• WHAT THE TASK REQUIRES
Could you please reproduce every record below exactly, leaving out the pictures?
——
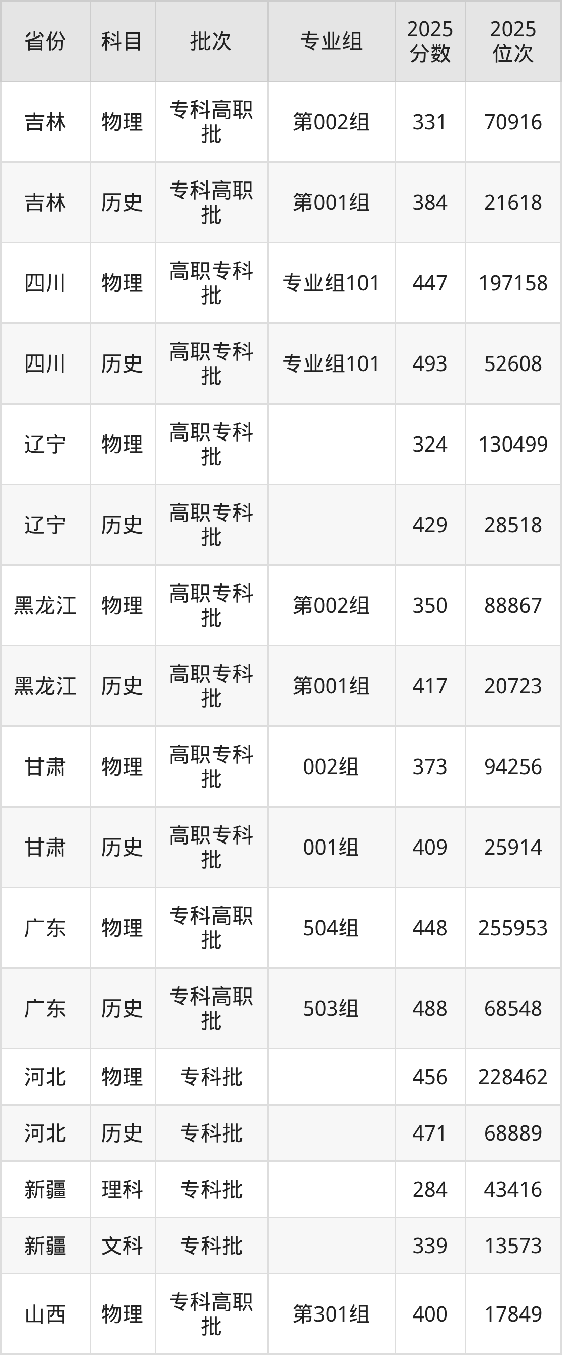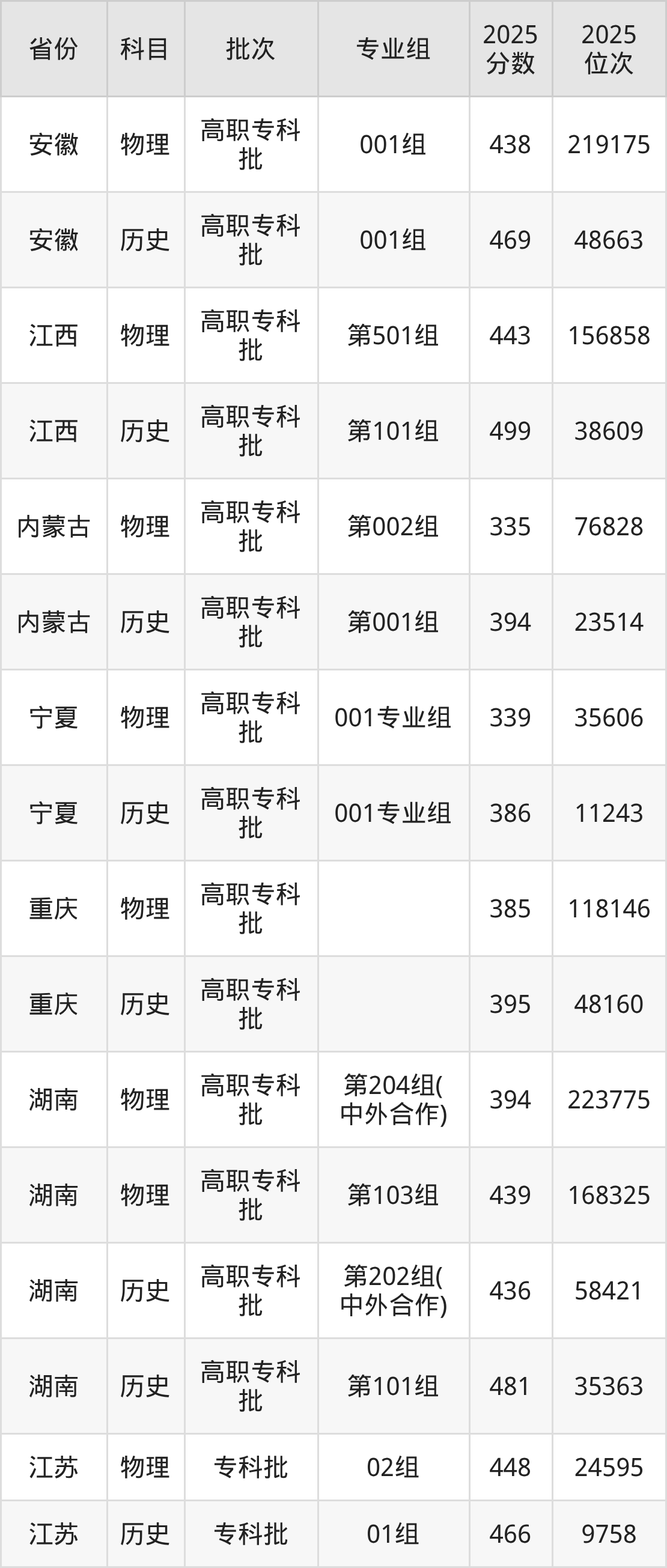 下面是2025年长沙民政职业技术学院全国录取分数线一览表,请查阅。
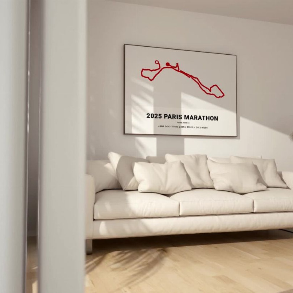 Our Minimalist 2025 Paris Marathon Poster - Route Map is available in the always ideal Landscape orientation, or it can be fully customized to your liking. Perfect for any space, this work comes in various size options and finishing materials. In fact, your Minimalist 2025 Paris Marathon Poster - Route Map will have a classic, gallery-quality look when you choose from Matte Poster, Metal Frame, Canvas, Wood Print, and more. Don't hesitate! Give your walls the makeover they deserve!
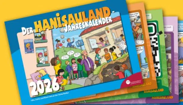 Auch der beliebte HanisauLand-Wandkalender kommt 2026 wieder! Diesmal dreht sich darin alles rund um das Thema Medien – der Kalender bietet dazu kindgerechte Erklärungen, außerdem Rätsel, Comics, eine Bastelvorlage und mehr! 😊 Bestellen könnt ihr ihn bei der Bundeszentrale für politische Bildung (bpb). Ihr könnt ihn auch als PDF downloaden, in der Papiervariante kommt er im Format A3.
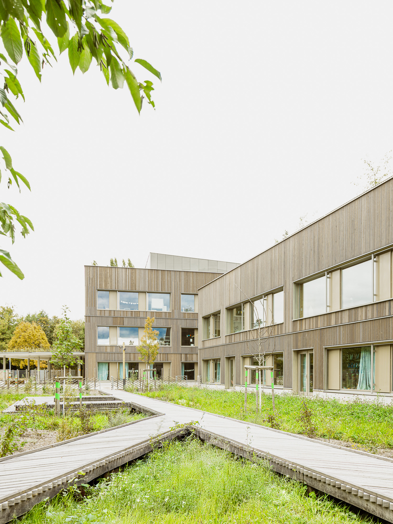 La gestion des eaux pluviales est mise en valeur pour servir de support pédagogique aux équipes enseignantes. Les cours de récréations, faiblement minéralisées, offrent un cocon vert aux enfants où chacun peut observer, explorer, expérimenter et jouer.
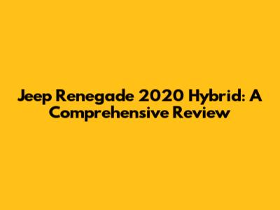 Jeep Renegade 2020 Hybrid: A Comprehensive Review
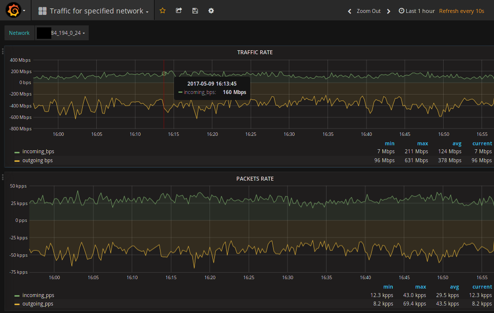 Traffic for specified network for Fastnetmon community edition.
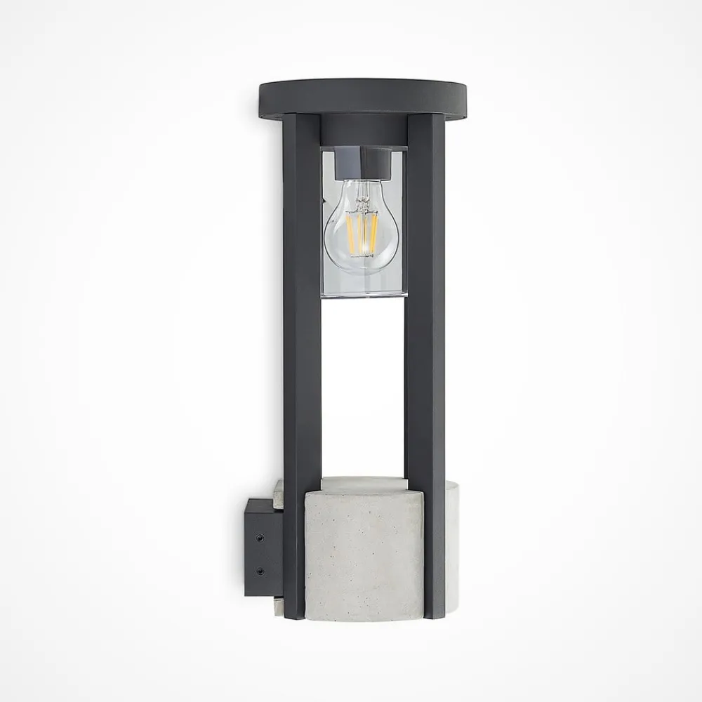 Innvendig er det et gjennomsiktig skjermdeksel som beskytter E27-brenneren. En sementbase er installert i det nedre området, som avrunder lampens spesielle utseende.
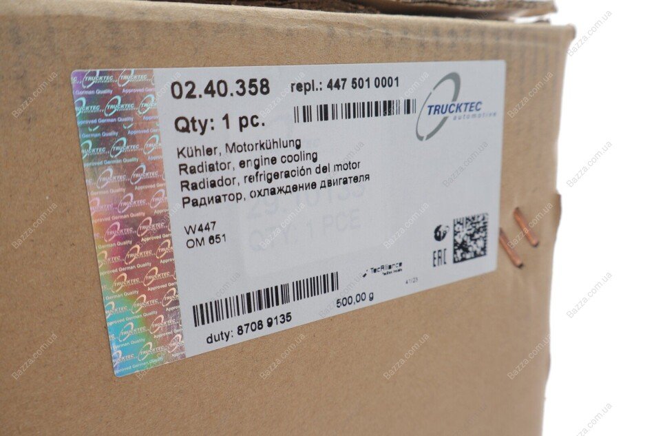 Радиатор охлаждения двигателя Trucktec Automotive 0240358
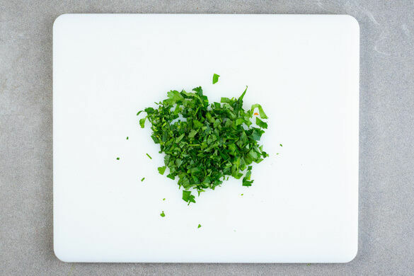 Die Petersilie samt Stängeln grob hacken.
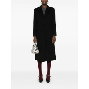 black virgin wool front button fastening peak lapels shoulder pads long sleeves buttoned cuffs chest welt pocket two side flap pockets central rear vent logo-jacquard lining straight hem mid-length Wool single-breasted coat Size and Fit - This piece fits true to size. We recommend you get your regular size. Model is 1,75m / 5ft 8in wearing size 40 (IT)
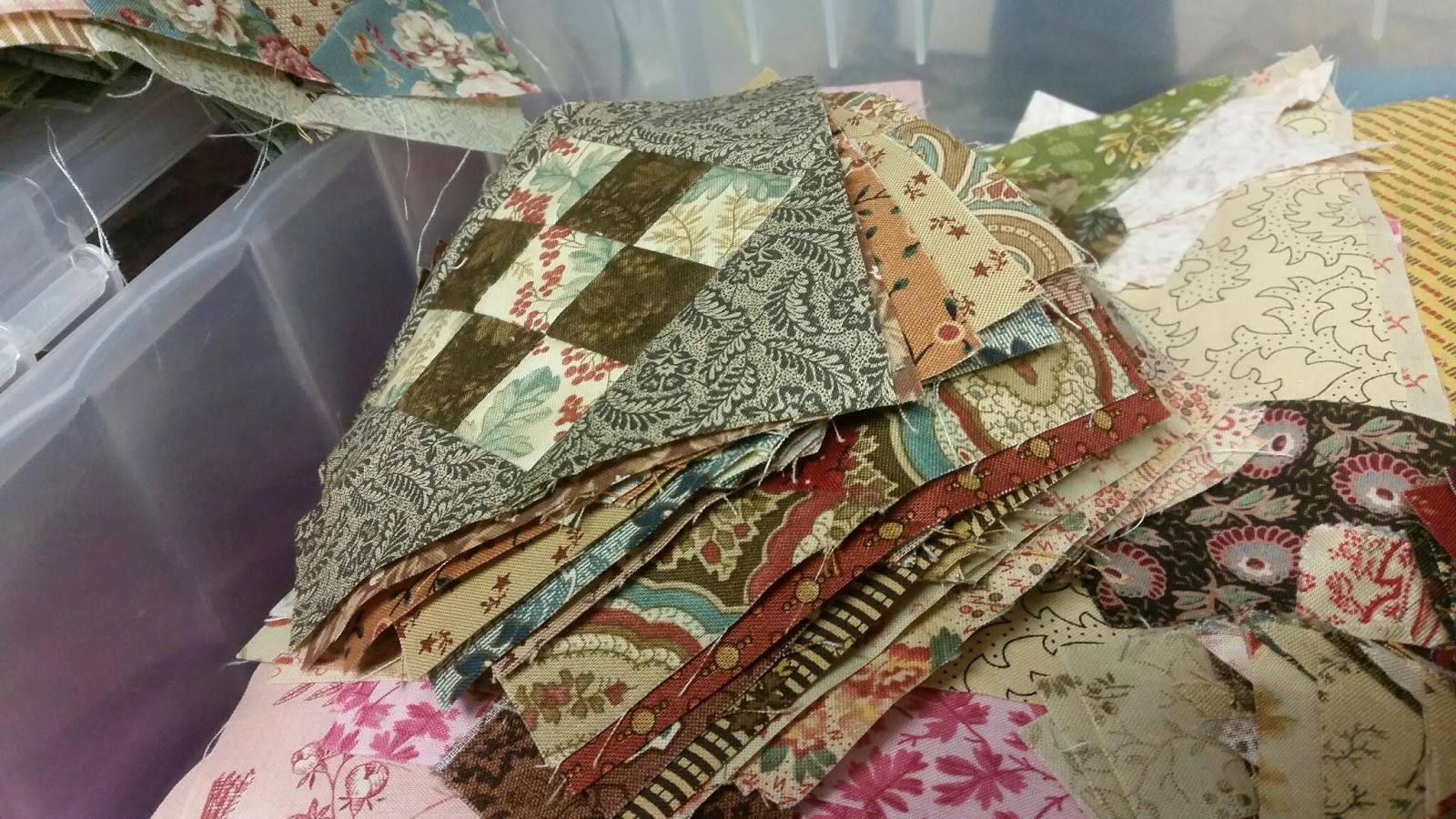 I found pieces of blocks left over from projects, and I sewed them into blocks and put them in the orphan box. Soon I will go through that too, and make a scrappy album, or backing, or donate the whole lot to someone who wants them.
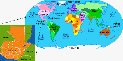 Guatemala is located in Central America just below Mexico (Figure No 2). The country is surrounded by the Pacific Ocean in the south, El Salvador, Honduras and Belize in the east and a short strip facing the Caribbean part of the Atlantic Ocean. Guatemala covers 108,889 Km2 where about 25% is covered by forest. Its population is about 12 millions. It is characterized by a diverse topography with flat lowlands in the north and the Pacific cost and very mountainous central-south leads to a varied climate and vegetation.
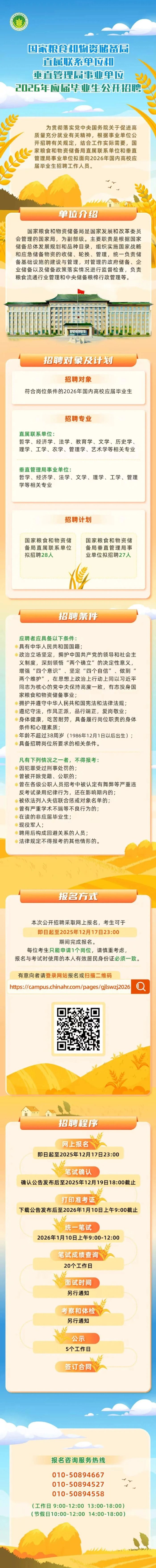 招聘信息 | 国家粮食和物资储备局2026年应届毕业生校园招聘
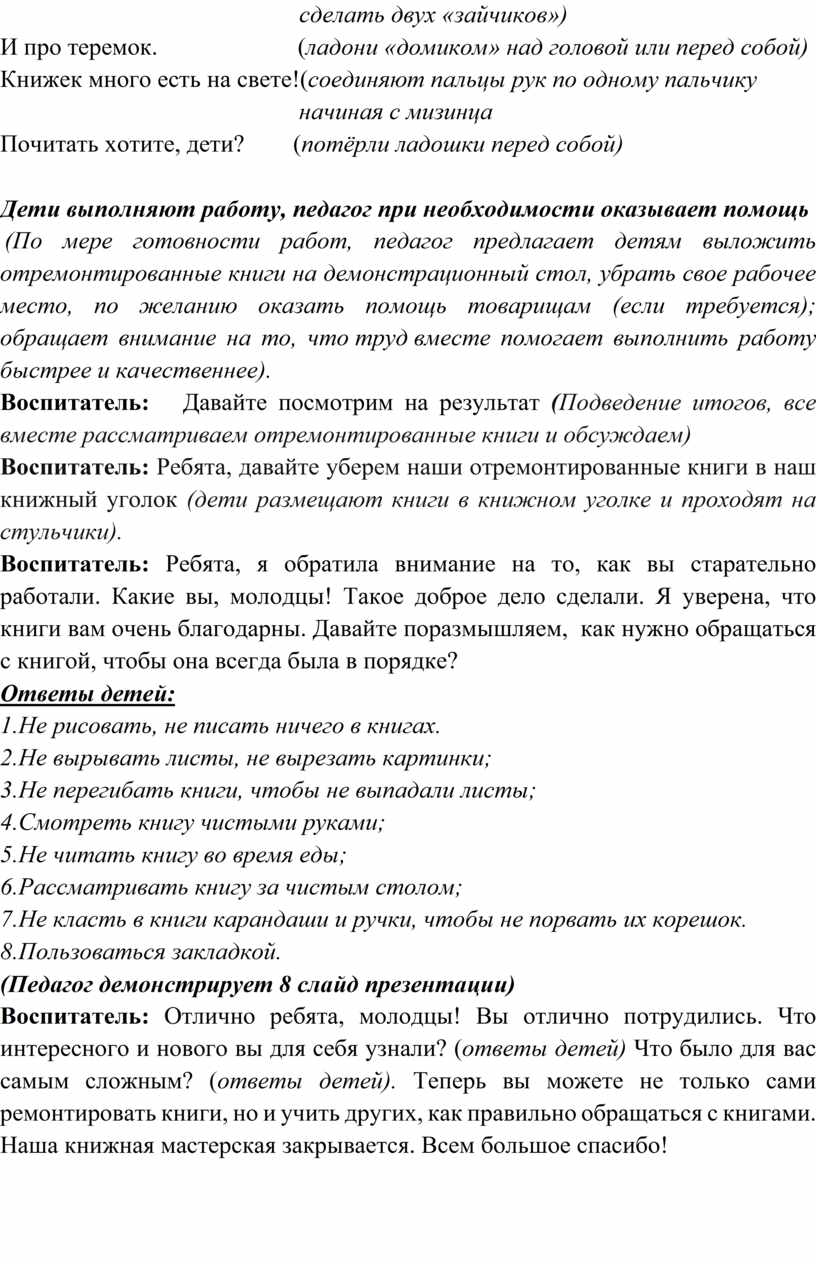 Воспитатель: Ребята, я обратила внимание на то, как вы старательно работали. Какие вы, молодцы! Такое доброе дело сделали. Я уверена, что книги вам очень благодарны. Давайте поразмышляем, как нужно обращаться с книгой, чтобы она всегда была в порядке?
——
• OUTPUT BELOW
 下面是2025年长沙民政职业技术学院全国录取分数线一览表,请查阅。
 Our Minimalist 2025 Paris Marathon Poster - Route Map is available in the always ideal Landscape orientation, or it can be fully customized to your liking. Perfect for any space, this work comes in various size options and finishing materials. In fact, your Minimalist 2025 Paris Marathon Poster - Route Map will have a classic, gallery-quality look when you choose from Matte Poster, Metal Frame, Canvas, Wood Print, and more. Don't hesitate! Give your walls the makeover they deserve!
 Auch der beliebte HanisauLand-Wandkalender kommt 2026 wieder! Diesmal dreht sich darin alles rund um das Thema Medien – der Kalender bietet dazu kindgerechte Erklärungen, außerdem Rätsel, Comics, eine Bastelvorlage und mehr! 😊 Bestellen könnt ihr ihn bei der Bundeszentrale für politische Bildung (bpb). Ihr könnt ihn auch als PDF downloaden, in der Papiervariante kommt er im Format A3.
 La gestion des eaux pluviales est mise en valeur pour servir de support pédagogique aux équipes enseignantes. Les cours de récréations, faiblement minéralisées, offrent un cocon vert aux enfants où chacun peut observer, explorer, expérimenter et jouer.
 Jeep Renegade 2020 Hybrid: A Comprehensive Review
 Traffic for specified network for Fastnetmon community edition.
 Innvendig er det et gjennomsiktig skjermdeksel som beskytter E27-brenneren. En sementbase er installert i det nedre området, som avrunder lampens spesielle utseende.
 Радиатор охлаждения двигателя Trucktec Automotive 0240358
 Die Petersilie samt Stängeln grob hacken.
 black virgin wool front button fastening peak lapels shoulder pads long sleeves buttoned cuffs chest welt pocket two side flap pockets central rear vent logo-jacquard lining straight hem mid-length Wool single-breasted coat Size and Fit - This piece fits true to size. We recommend you get your regular size. Model is 1,75m / 5ft 8in wearing size 40 (IT)
 I found pieces of blocks left over from projects, and I sewed them into blocks and put them in the orphan box. Soon I will go through that too, and make a scrappy album, or backing, or donate the whole lot to someone who wants them.
 Guatemala is located in Central America just below Mexico (Figure No 2). The country is surrounded by the Pacific Ocean in the south, El Salvador, Honduras and Belize in the east and a short strip facing the Caribbean part of the Atlantic Ocean. Guatemala covers 108,889 Km2 where about 25% is covered by forest. Its population is about 12 millions. It is characterized by a diverse topography with flat lowlands in the north and the Pacific cost and very mountainous central-south leads to a varied climate and vegetation.
 招聘信息 | 国家粮食和物资储备局2026年应届毕业生校园招聘
 Воспитатель: Ребята, я обратила внимание на то, как вы старательно работали. Какие вы, молодцы! Такое доброе дело сделали. Я уверена, что книги вам очень благодарны. Давайте поразмышляем, как нужно обращаться с книгой, чтобы она всегда была в порядке?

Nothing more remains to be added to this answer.